16BPP.net: Blog / When Greedy Algorithms Can Be Faster

Tue Jan 28th, 2025 – 08:15 AM EST

Update February 16th, 2025: I've posted this article on a few places, and if you've read the comments sections (such as on /r/cpp), it's well mentioned that this was very poorly titled. I would like to acknowledge this fact. The title was not my number one priority when writing this post; the content was. With this said, I'm not going to be changing anything below.

1. I'd need to change many URLs and possibly break linkage to this. That's a lot of work
2. We all goof up at times. I don't want to hide this and would like to show to our more junior developers that your seniors will make mistakes as well
3. /u/STL was generous enough to bestow a custom post flair on the article

Title Fails CS 101

Those aren't handed out to just anyone. You have to work for that, and hard.

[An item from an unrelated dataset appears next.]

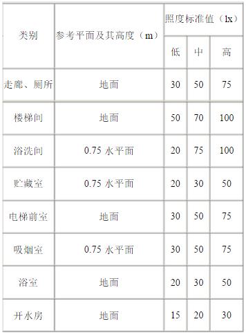 共用场所照明的照度标准值

In the realm of computer science, we're always told to pursue what is the most efficient solution. This can be either what is the fastest way to solve a problem; or what may be the cheapest.

What is the easiest, but not always the best, is typically a "greedy algorithm"; think bubble sort. More often than not, there is a much more efficient method which typically involves thinking about the problem a bit deeper. These are often the analytical solutions.

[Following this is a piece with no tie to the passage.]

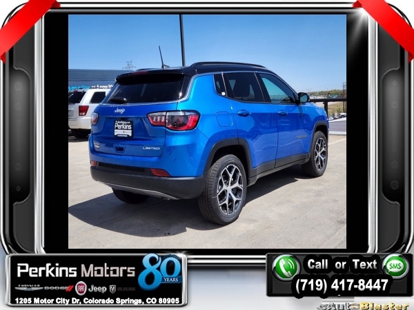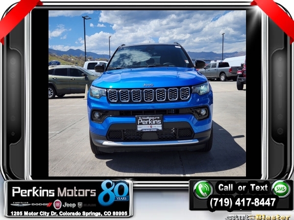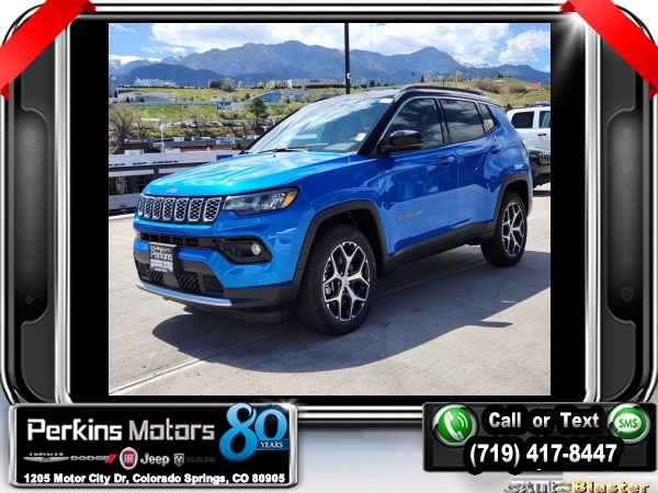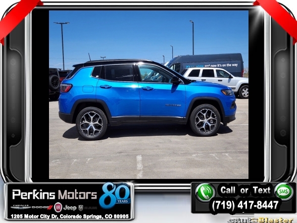 Factory MSRP: $35,935 $6,000 off MSRP! Priced below KBB Fair Purchase Price! Hydro Blue Pearlcoat 2024 Jeep Compass Limited 4WD 8-Speed Automatic 2.0L I4 DOHC<br>4WD.<br>Check us out at www.perkinsmotors.com to see our specials! Since opening our doors in 1944, we’ve been proud to serve Colorado Springs, CO, and the surrounding areas of Pueblo, Castle Rock and Denver, CO. Throughout this time of being family owned for 80 years, we’ve maintained a firm commitment to our customers: to offer a wide selection of New Chrysler, Dodge, Fiat, Jeep, and Ram vehicles and quality pre-owned vehicles, and provide a quick, no-hassle car-buying process that ensures everyone drives off the lot satisfied with their purchase.<br><br>Quick Order Package 29G Limited, 4WD, 10.1 Touchscreen Display, 3.73 Final Drive Ratio, 4-Wheel Disc Brakes, 4G LTE Wi-Fi Hot Spot, 6 Speakers, ABS brakes, Air Conditioning, Alloy wheels, AM/FM radio: SiriusXM, Auto High-beam Headlights, Auto-dimming Rear-View mirror, Automatic temperature control, Brake assist, Bumpers: body-color, Compass, Cruise Control, Delay-off headlights, Disassociated Touchscreen Display, Driver door bin, Driver vanity mirror, Dual front impact airbags, Dual front side impact airbags, Electronic Stability Control, Emergency communication system: Jeep Connect, For Details, Visit DriveUconnect.com, For More Info, Call 800-643-2112, Four wheel independent suspension, Front anti-roll bar, Front Bucket Seats, Front Center Armrest w/Storage, Front dual zone A/C, Front fog lights, Front License Plate Bracket, Front reading lights, Fully automatic headlights, Global Telematics Box Module (TBM), Heated door mirrors, Heated front seats, Heated steering wheel, Illuminated entry, Knee airbag, Leather Shift Knob, Leather steering wheel, Leatherette Seats, Low tire pressure warning, Occupant sensing airbag, Outside temperature display, Overhead airbag, Overhead console, Panic alarm, ParkView Rear Back-Up Camera, Passenger door bin, Passenger vanity mirror, Power door mirrors, Power driver seat, Power steering, Power windows, Radio: Uconnect 5 w/10.1 Display, Rain sensing wipers, Rear anti-roll bar, Rear seat center armrest, Rear window defroster, Rear window wiper, Remote keyless entry, Roof rack: rails only, Security system, SiriusXM Guardian - Included Trial (B), SiriusXM Radio Service, Split folding rear seat, Spoiler, Steering wheel mounted audio controls, Tachometer, Telescoping steering wheel, Tilt steering wheel, Traction control, Trip computer, Turn signal indicator mirrors, Variably intermittent wipers, and Wheels: 18 x 7 Painted Diamond Cut AluminuM.<br><br>24/32 City/Highway MPG Sale price includes all manufacture's incentives and dealer discounts. Sale price not available on lease or compatible with special APR. $1000 - 2024 JR Denver BC Bonus Cash DECRA. Exp. 06/03/2024 $1500 - 2024 JR Chrysler Capital Bonus Cash DECR5. Exp. 06/03/2024 $500 - 2024 DJR National Retail Consumer Cash 24CR1. Exp. 06/03/2024

Whilst working on PSRayTracing (PSRT), I was constantly finding inefficient algorithms and data structures. There are places where it was obvious to improve something, whereas other sections really needed a hard look-at to see if there was more performance that could be squeezed out. After the podcast interview I was looking for the next topic to cover. Scanning over older code, I looked at the random number generator since it's used quite a bit. I spotted an infinite loop and thought "there has to be something better".

The code in question is a method to generate a 2D (or 3D) vector, which falls within a unit circle (or sphere). This is the algorithm that the book originally gave us:

Vec3 get_in_unit_disk() {
    while (true) {
        const Vec3 p(get_real(-1, 1), get_real(-1, 1), 0);
        if (p.length_squared() >= 1)
            continue;

        return p;
    }
}

The above in a nutshell:

Generate two (random) numbers between [-1.0, 1.0] to make a (2D) vector
If the length squared of the vector is 1 or greater, do step 1 again
If not, then you have a vector that's within the unit circle

(The 3D case is covered by generating three numbers at step 1)

This algorithm didn't feel right to me. It has some of that yucky stuff we hate: infinite looping and try-and-see-if-it-works logic. This could easily lead to branch prediction misses, being stuck (theoretically) spinning forever, wasting our random numbers. And it doesn't feel "mathematically elegant".

My code had some commented out blocks with an analytical solution to the above. But in the years prior when I had first touched that code I had left a note saying that it was a bit slower than using the loop.

The next day I had an email fall into my inbox. It was from GitHub notifying me of a response. The body was about how to generate a random point inside of a unit sphere... Following the link to the discussion, it came from the original book's repository. The first reply in 4 years on a topic... that... I... created...

I think this was a sign from above to investigate it again.

Reading through the old discussion ^{(please don't look I'm embarrassed)}, one of the maintainers @hollasch left a good comment:

What really stuck out to me is in the beginning:

"The current approach is significantly faster in almost all cases than any analytical method so far proposed ... every time our random sampling returns an answer faster than the analytical approach,"

Are rejection methods much faster than an analytical solution? Huh.

Understanding The Problem A Little More

As seen above, there is an analytical solution to the above algorithm for both the 2D and 3D cases. We'll use Python for the moment.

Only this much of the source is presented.